• **WHAT NEEDS TO BE DONE**: Omit all pictures. Copy exactly the lines from the line containing "Food4dogs по адресу" to the end of the listing, with both ends included.

[INFORMATION GIVEN Boundary: Start]

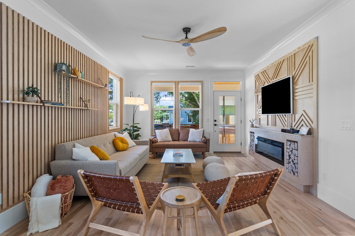 Exquisitamente diseñado 3 dormitorios + oficina / 2 baños completos. ¡Nueva construcción, ideal para familias! Sala de estar llena de luz con chimenea eléctrica, cocina y gran comedor. Suite privada con cama tamaño king y amplio baño con ducha de efecto lluvia. Al final del pasillo hay un segundo dormitorio con cama tamaño queen y un tercer dormitorio con dos camas individuales, que comparten un baño completo con bañera. Espacio de oficina, 2 porches cubiertos, lavandería, aparcamiento fuera de la calle, persianas opacas, cuna/silla alta y sofás cama. ¡A pocos pasos de restaurantes y tiendas y a 20 minutos en coche de la playa!
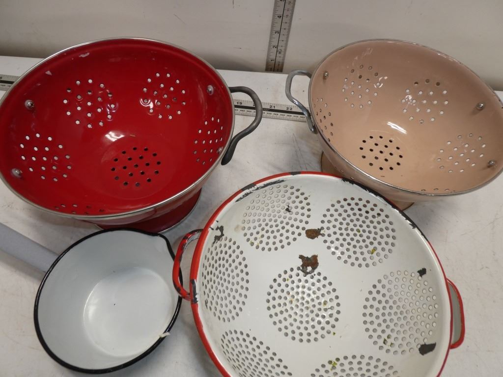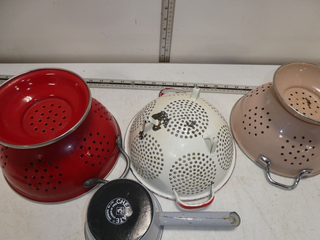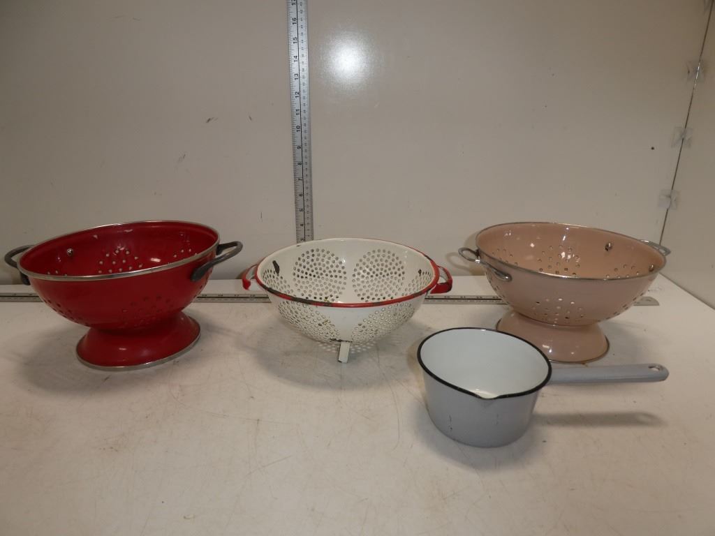 3 Enamel Kolanders and 1 Enamel Saucepan
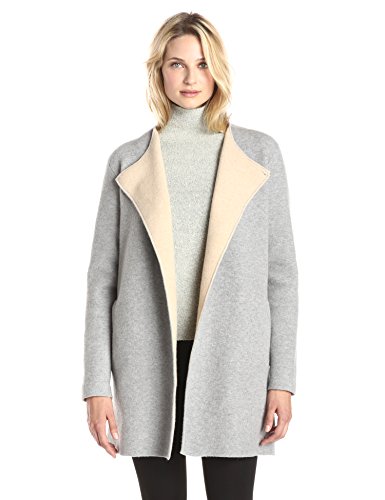 This beautiful pale cocoon coat by Vince Camuto is very appealing.  Although, most cocoon coats are not fitted, as they are well known for loose and oversized but the quality is great.  It is super chic and stylish.  The material is also very cozy.  This type of coat features funnel-collar, full zip closure with stylish snap faux flaps over each front pocket.  It’s made of 55% polyester, 41% wool, 4% other fiber and 100% polyester lining. Find out here for more information, different colours and size to choose with the best price and free shipping.
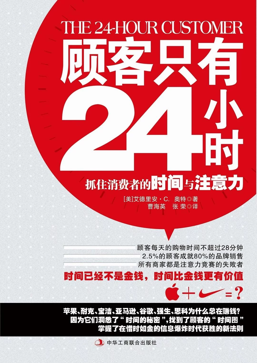 Apple、Nike为什麽赚钱?因为它们洞悉了“时间的秘密”。因为来自他们洞悉了顾客的“时间”和“注意力”已成为商业经营硫化高万值行单难育上的重要课题,但是360百科很少书籍提到企业主或况款行销人员如何因应或善用这一点,来拟定其产品的行销策略,或重新定位。如果懂得善用顾客的时间和注意力,将能挖掘到巨大商机。艾德里安·C样此.奥特编著的《顾客只有24小时》中有丰富的案例,有助于产品定位的工具或策略。《顾客只有24小时》探讨“时间和注意力的经济学”,包括顾客为什麽愿意上社群网站好几个小时,却对其他的活动说“我没时间!”从今天起,“我没时间”不再是义法车经钱时怀协延行销的障碍,而是商机的起点!
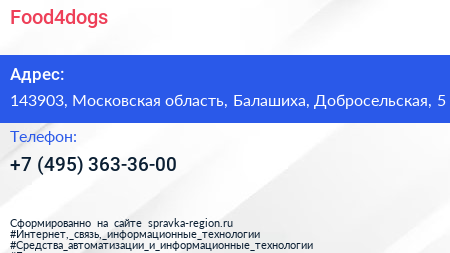 Food4dogs по адресу 143903, Московская область, Балашиха, Добросельская, 5 в дальнейшем Организация, размещена в следующих категориях:
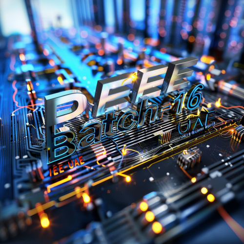 make a slogan as "PEE Batch-16 IIEE-UAE" in a electrical engineering concepts backround and realistic 3D lettering --s 50
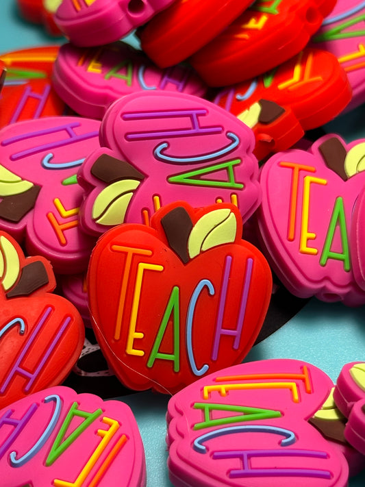 Teach Apple School Teacher Focal Bead/ beadable pen/ Silicone bead/ keychain bead/ teach
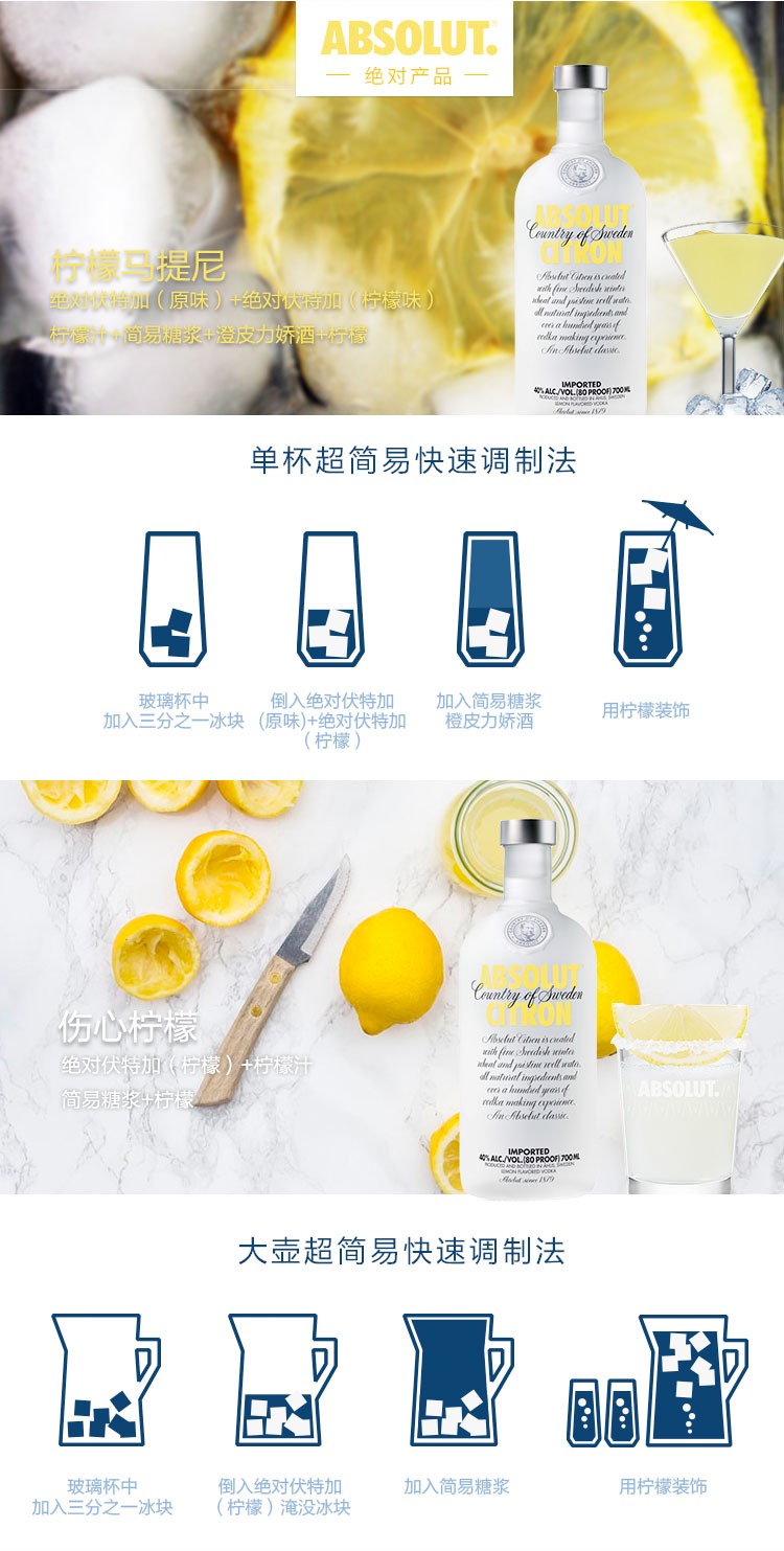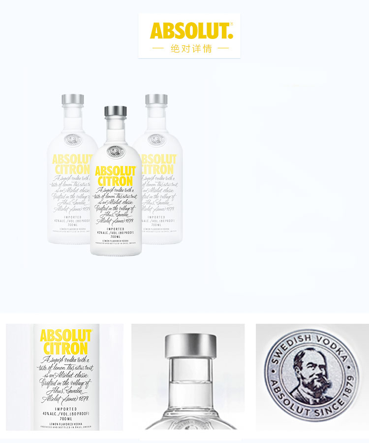 适用场景:家庭聚会,商务宴请,情侣约会,自斟自饮;包装:瓶装;容量:700-999mL;国产/进口:进口;产地:瑞典;原料:水,冬小麦,食用香料(柠檬味);保质期:长期;酒精度:40%vol;存储方法:通风、干燥、阴凉处;容量:700mL;产品重量:1.16kg;包装清单:绝对伏特加(Absolut Vodka)洋酒 柠檬味 伏特加 700ml*1;
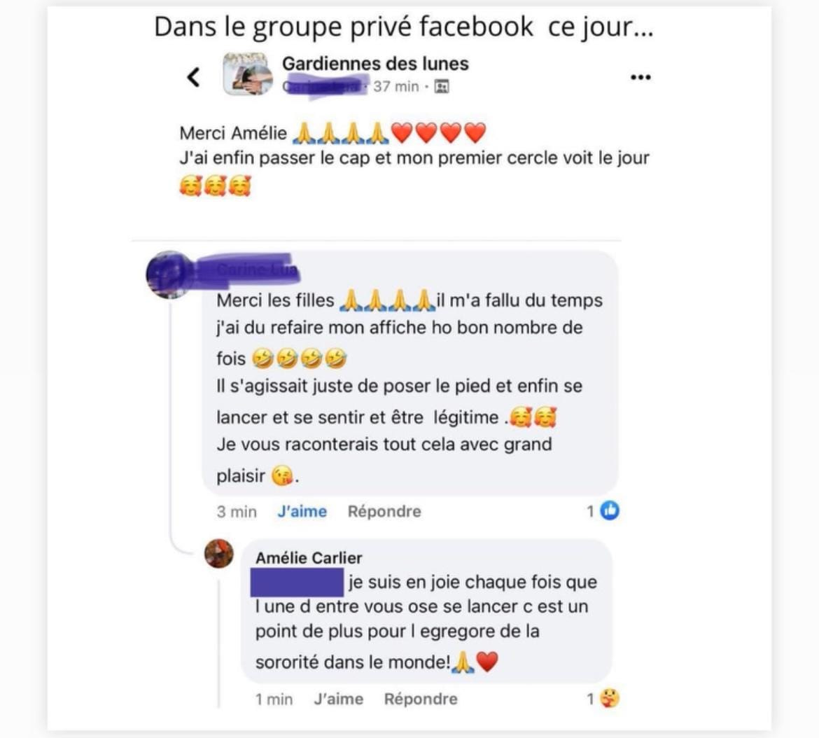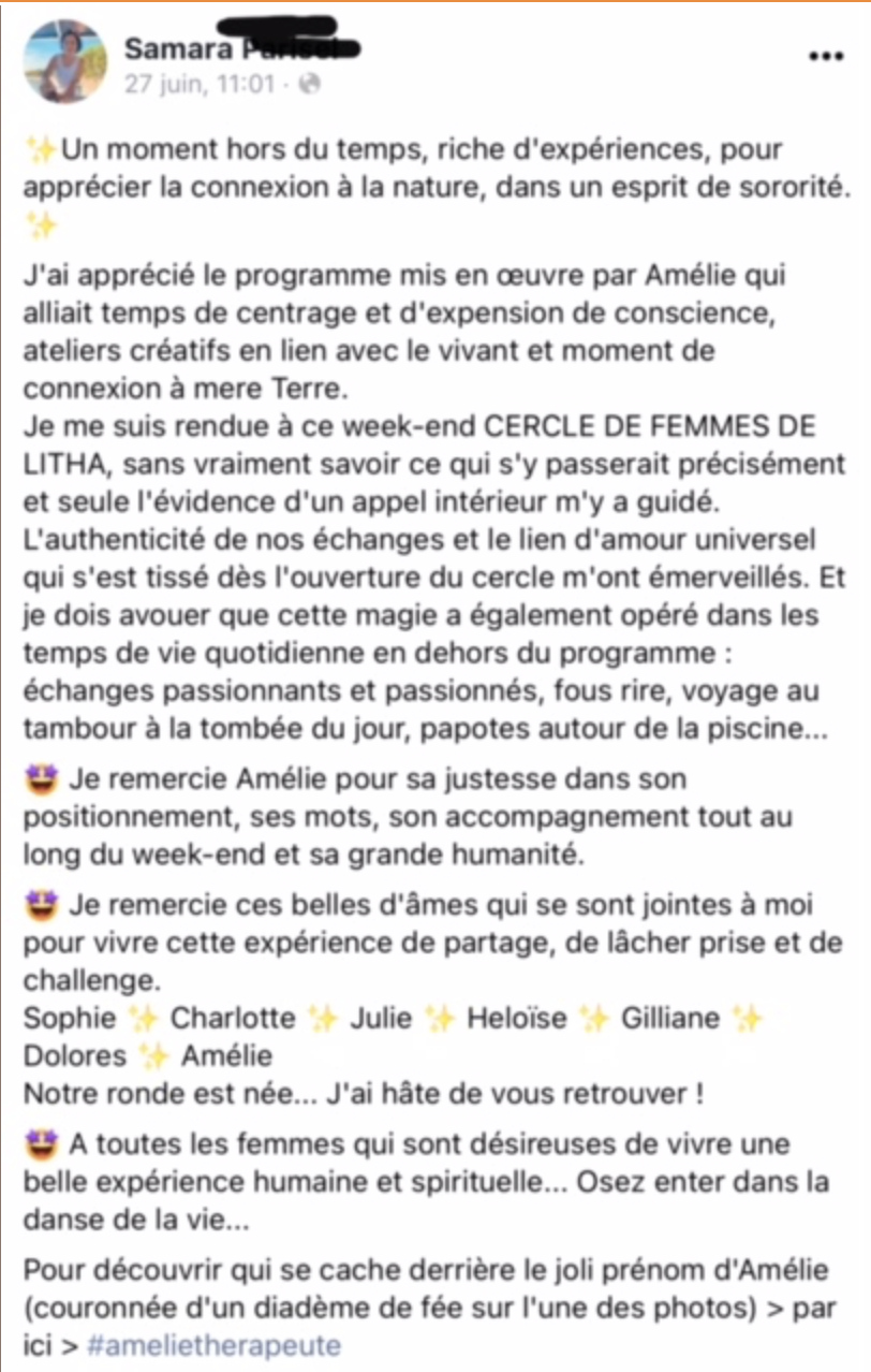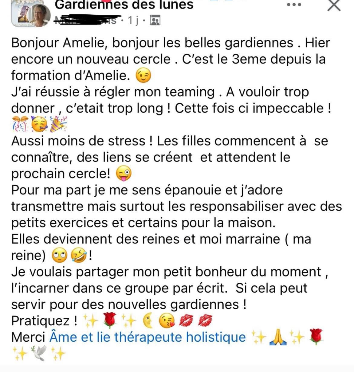 "j’ai eu le bonheur de participer à un cycle de cercle de femmes à l’initiative d’Amélie.
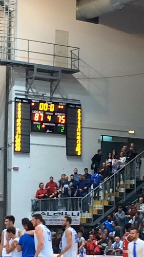 Baldasso apre la quarta frazione di gioco con due triple, Radonijc ne realizza una nel mezzo e siamo sul 71-70 a 8′ dalla fine. Il montenegrino biancazzurro va ancora a segno, poi Fattori infila da sotto il 75-50 a 5:45 dalla fine. Green fa 1/2 dalla lunetta, Mei risponde da 3 ma Baldasso realizza il 78-75 a 4:30 dalla fine. Paci realizza da sotto, poi Mei sgancia la bomba del +8 (83-75) a 3:03 dalla conclusione del match. Smith apre con un altro canestro gli ultimi due minuti, e successivamente chiude i conti con due punti dalla media: finisce 87-75.

[INFORMATION GIVEN Boundary: End]

• **SOLUTION FOR THIS EXERCISE**:
 Food4dogs по адресу 143903, Московская область, Балашиха, Добросельская, 5 в дальнейшем Организация, размещена в следующих категориях:
 make a slogan as "PEE Batch-16 IIEE-UAE" in a electrical engineering concepts backround and realistic 3D lettering --s 50
 Teach Apple School Teacher Focal Bead/ beadable pen/ Silicone bead/ keychain bead/ teach
 适用场景:家庭聚会,商务宴请,情侣约会,自斟自饮;包装:瓶装;容量:700-999mL;国产/进口:进口;产地:瑞典;原料:水,冬小麦,食用香料(柠檬味);保质期:长期;酒精度:40%vol;存储方法:通风、干燥、阴凉处;容量:700mL;产品重量:1.16kg;包装清单:绝对伏特加(Absolut Vodka)洋酒 柠檬味 伏特加 700ml*1;
 "j’ai eu le bonheur de participer à un cycle de cercle de femmes à l’initiative d’Amélie.
 Baldasso apre la quarta frazione di gioco con due triple, Radonijc ne realizza una nel mezzo e siamo sul 71-70 a 8′ dalla fine. Il montenegrino biancazzurro va ancora a segno, poi Fattori infila da sotto il 75-50 a 5:45 dalla fine. Green fa 1/2 dalla lunetta, Mei risponde da 3 ma Baldasso realizza il 78-75 a 4:30 dalla fine. Paci realizza da sotto, poi Mei sgancia la bomba del +8 (83-75) a 3:03 dalla conclusione del match. Smith apre con un altro canestro gli ultimi due minuti, e successivamente chiude i conti con due punti dalla media: finisce 87-75.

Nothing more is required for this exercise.